Belen Deniz
Ankara Numune Education and Research Hospital, Department of Neurosurgery, Ankara, Turkey.
Turk Neurosurg. 2018;28(3):490-494. doi: 10.5137/1019-5149.JTN.20821-17.0.
In the medical literature, various ethnic terms such as Caucasian or Mongolian,are sporadically cited to indicate the relationship between certain disorders and the geographical origin of individuals. Few scientists recognize that those definitions stem from a medical thesis written by the German physician Johann Friedrich Blumenbach in 1775. Through considering cranial shapes, Blumenbach proposed five race varieties including the Caucasian, the Mongolian, the Malayan, the Ethiopian, and the American. While he favored only beauty, his contemporaries reclaimed an intellectuality arrangement among those race types and gave the highest credibility to Caucasian, which therefore, besides defining an ethnicity, has conveyed a discriminatory meaning. The term had been widely used in the medical literature without knowledge of its historical background. Although not commonly used any longer, the Caucasian and similar terms that reflect racial preference should be abandoned in medical text and replaced by more favorable definitions.
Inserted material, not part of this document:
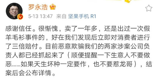 今年5月,罗永浩在微博表示:很惭愧,卖了一年多,还是出过一次假羊毛衫事件的,好在我们发现后立即对消费者进行了三倍赔付。目前恶意欺骗我们的两家涉案公司负责人都已经抓起来了。

在医学文献中,诸如白种人或蒙古人种等各种种族术语偶尔会被引用,以表明某些疾病与个体地理起源之间的关系。很少有科学家意识到这些定义源于德国医生约翰·弗里德里希·布卢门巴赫于1775年撰写的一篇医学论文。通过考虑颅骨形状,布卢门巴赫提出了五个种族变种,包括白种人、蒙古人种、马来人种、埃塞俄比亚人种和美洲人种。虽然他只看重美貌,但他的同时代人在这些种族类型中重新进行了智力排序,并给予白种人最高的可信度,因此,这个词除了定义一个种族外,还传达了一种歧视性的含义。这个术语在医学文献中被广泛使用,却无人了解其历史背景。虽然现在已不常用,但反映种族偏好的白种人及类似术语应在医学文本中摒弃,代之以更合适的定义。